Некоторое время приятели сидели молча, потом Дакс сказал:
— Нам бы здорово помогло, если бы мы знали, куда они направятся и кто их будет окружать. Джереми ничего не ответил.
— Вот что может сработать. — Дакс посмотрел на друга. — Я свяжусь с одной своей старой знакомой. Она проследит за тем, чтобы мальчики сразу после приземления были заняты буквально каждую минуту.
— Но каким образом? Дакс улыбнулся.
— Ты не знаешь мадам Бланшетт. Она, конечно, давно на отдыхе, но уж мне-то окажет честь.
— Только они ни в коем случае не должны знать, что все заранее обговорено и подготовлено. Если они догадаются — все рухнет.

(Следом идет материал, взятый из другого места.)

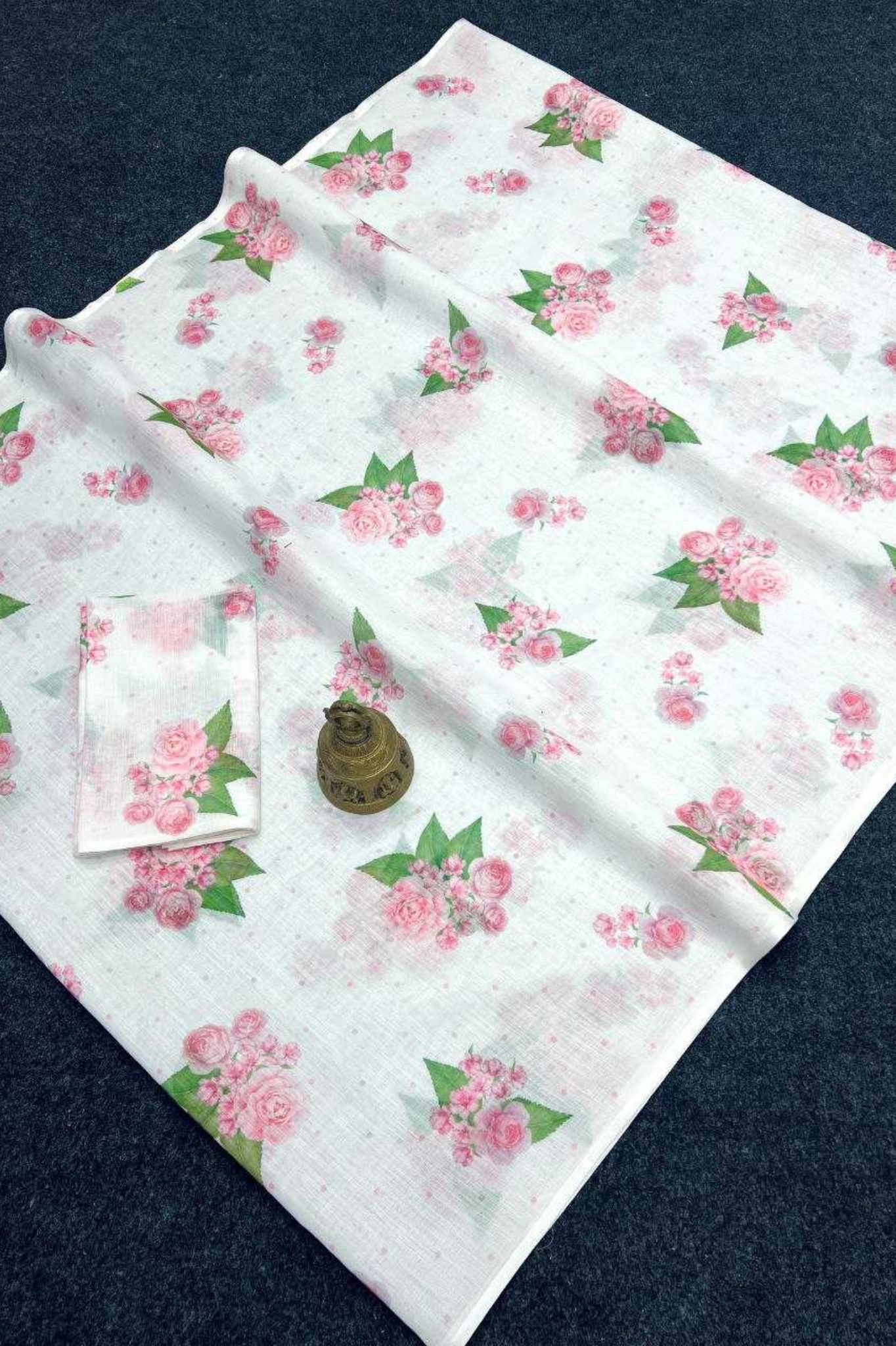 Plain Linen White Saree with Digital Floral Print & Matching Blouse

— Этого не произойдет. — Дакс громко расхохотался. — Риск только в том и состоит, что им может не захотеться возвращаться домой.
18
Ди-Ди вошла в роскошный номер римского отеля в тот момент, когда Дакс завтракал.
— Где ты был ночью?
Нож, намазывающий масло на свежую булочку, остановился.
— В городе.
— Со Сью-Энн. — Ди-Ди швырнула на стол газету. — Ваши снимки на первой странице.
Дакс посмотрел на газету, затем на Ди-Ди.
— Эти писаки никак не научатся делать хорошие фотографии, правда?
— Ты не говорил мне, что Сью-Энн здесь. Дакс откусил кусок булочки, отпил кофе.
— Я и не знал, что она имеет для тебя значение.
— Но мы же вчера должны были ужинать вместе!
— Согласен. Я прождал тебя здесь до десяти, потом позвонил в студию. Мне сказали, что ты будешь занята на съемках до полуночи, и я решил, что ты так устанешь, что кроме сна и думать ни о чем не захочешь.
Ди-Ди молча смотрела на Дакса. Он с невозмутимым видом принялся за вторую булочку.
— А теперь будь паинькой, возвращайся к себе в номер и поспи еще. Ты ведь знаешь, как я не люблю спорить во время завтрака.
— Мне до смерти надоело видеть, как Сью-Энн липнет к нам, куда бы мы ни отправились.
— Но не могу же я приказывать ей, куда ехать. Это она решает сама.
— Просто тебе нравится, что она увивается вокруг тебя.
Дакс улыбнулся.
— Не скрою, это тешит мое самолюбие.
— Ненавижу тебя!
— У меня есть одна теория, — тут же отозвался Дакс, — она преследует не меня, она преследует тебя. Я думаю, она влюблена в тебя.
Ди-Ди рассердилась по-настоящему.
— Придется тебе решать. С меня уже хватит!
— Не дави. — Голос Дакса был холоден как лед. — Мне очень не нравится, когда на меня давят.
— Не пойму, что ты в ней нашел. Она похожа на животное.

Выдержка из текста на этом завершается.